(GIVEN DATA begins)

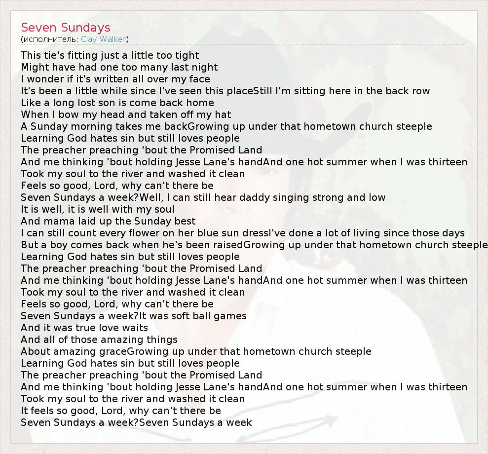 Seven Sundays a week?Well, I can still hear daddy singing strong and low
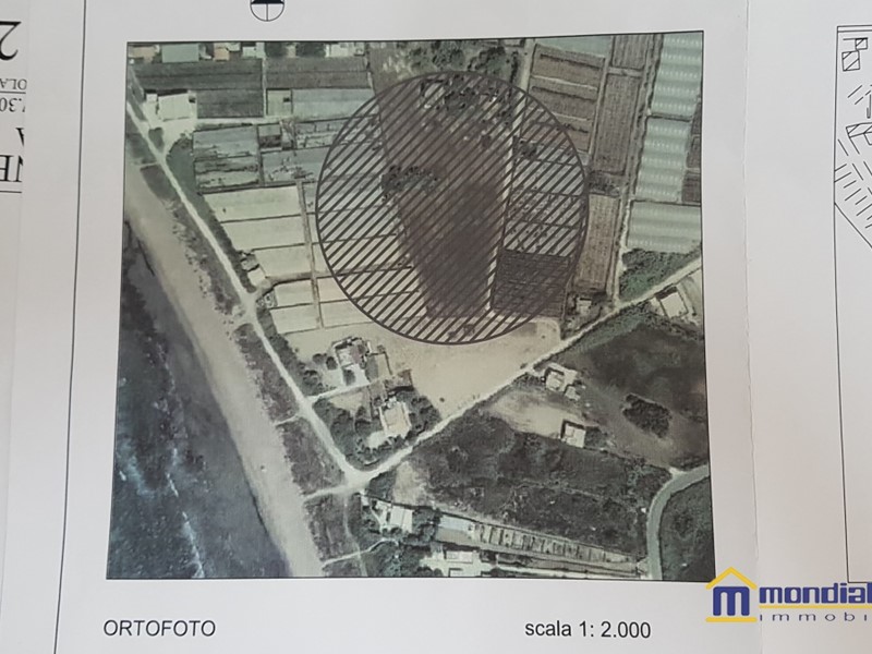 A 170 metri dalla spiaggia e dal mar Mediterraneno, stacco di terreno della superficie di mq. 5860 con progetto già approvato per la realizzazione di un fabbricato di mq. 350 circa, con possibilità di adattarlo a scopi turistici.
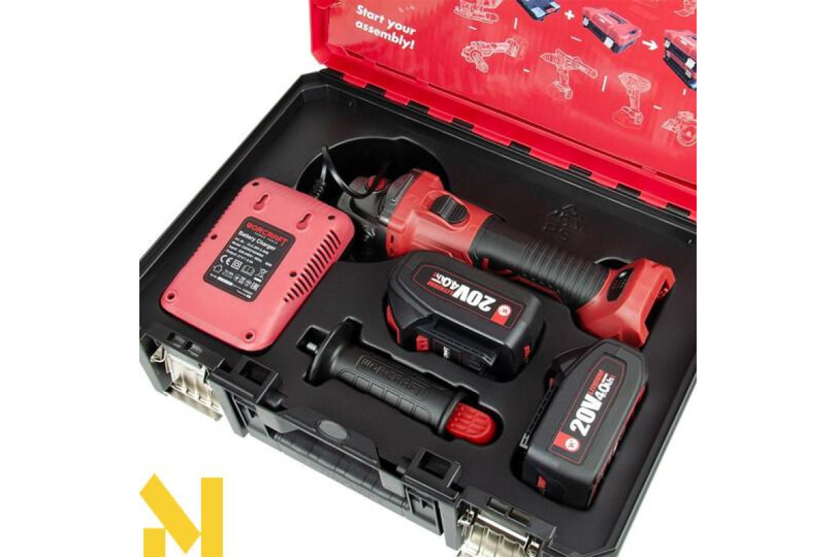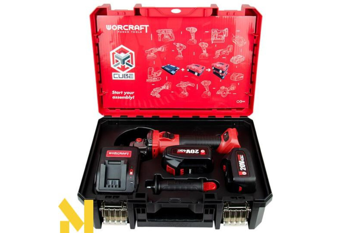 Документація Болгарка (кутова шліфмашина) акумуляторна Worcraft CAGS-20LiBS-125 + АКБ CLB-20V-4.0H 2 шт + ЗП CLC-20V-2.4HB + Кейс XCUBE003
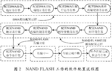 按照上节对控制器结构以及传输机理的分析,NANDFLASH的使用需要在FLASH控制器模块以及DMA控制器模块的协同下完成,工作的软件流程如图2所示。
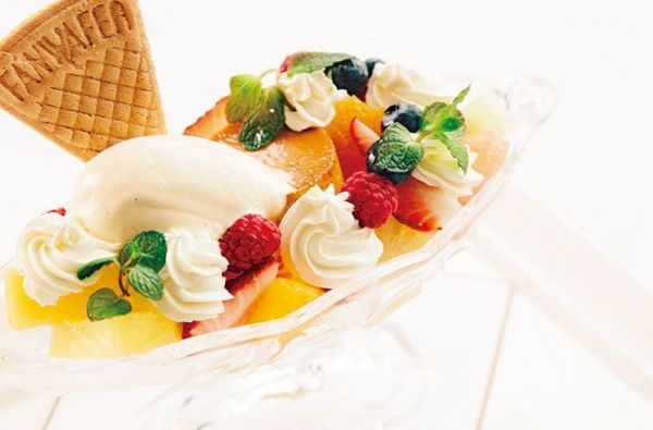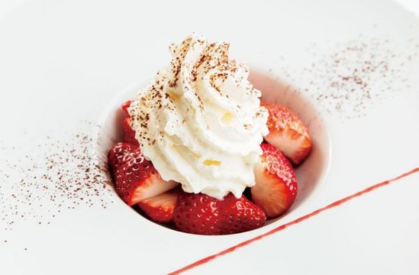 プリンアラモードには、季節に合わせて旬のフルーツが5〜6種類使われている。硬めのプリンとフレッシュなフルーツの相性は抜群/プリンアラモード 1850円(サービス料、税込)/ストロベリーロマノフ 1750(サービス料、税込) ※ストロベリーフェア2018は、3月31日(土)まで開催
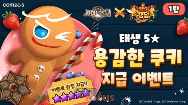 컴투스는 이번 협업 콘텐츠를 더욱 재미있게 즐길 수 있도록 이벤트도 개최한다. '태생 5★ 용감한 쿠키 지급 이벤트' 참여 시 게임 플레이를 통해 쌓은 포인트로 5성 풍 속성 용감한 쿠키를 획득할 수 있으며, 사전 이벤트·출석·콘텐츠 플레이 등으로 모은 젤리빈을 쿠키들에게 선물하면 쿠키런: 킹덤 소환서 2장을 비롯한 풍성한 선물을 지급하는 '쿠키들과 함께!' 이벤트도 진행된다.

(GIVEN DATA ends)

### INSTRUCTIONS FOR THE TASK
Print the part of the listing above that opens with the line containing "Документація Болгарка (кутова" and closes with the line containing "按照上节对控制器结构以及传输". Copy it exactly, both ends included, and omit the pictures.

### RESULT FOR THIS TASK
 Документація Болгарка (кутова шліфмашина) акумуляторна Worcraft CAGS-20LiBS-125 + АКБ CLB-20V-4.0H 2 шт + ЗП CLC-20V-2.4HB + Кейс XCUBE003
 按照上节对控制器结构以及传输机理的分析,NANDFLASH的使用需要在FLASH控制器模块以及DMA控制器模块的协同下完成,工作的软件流程如图2所示。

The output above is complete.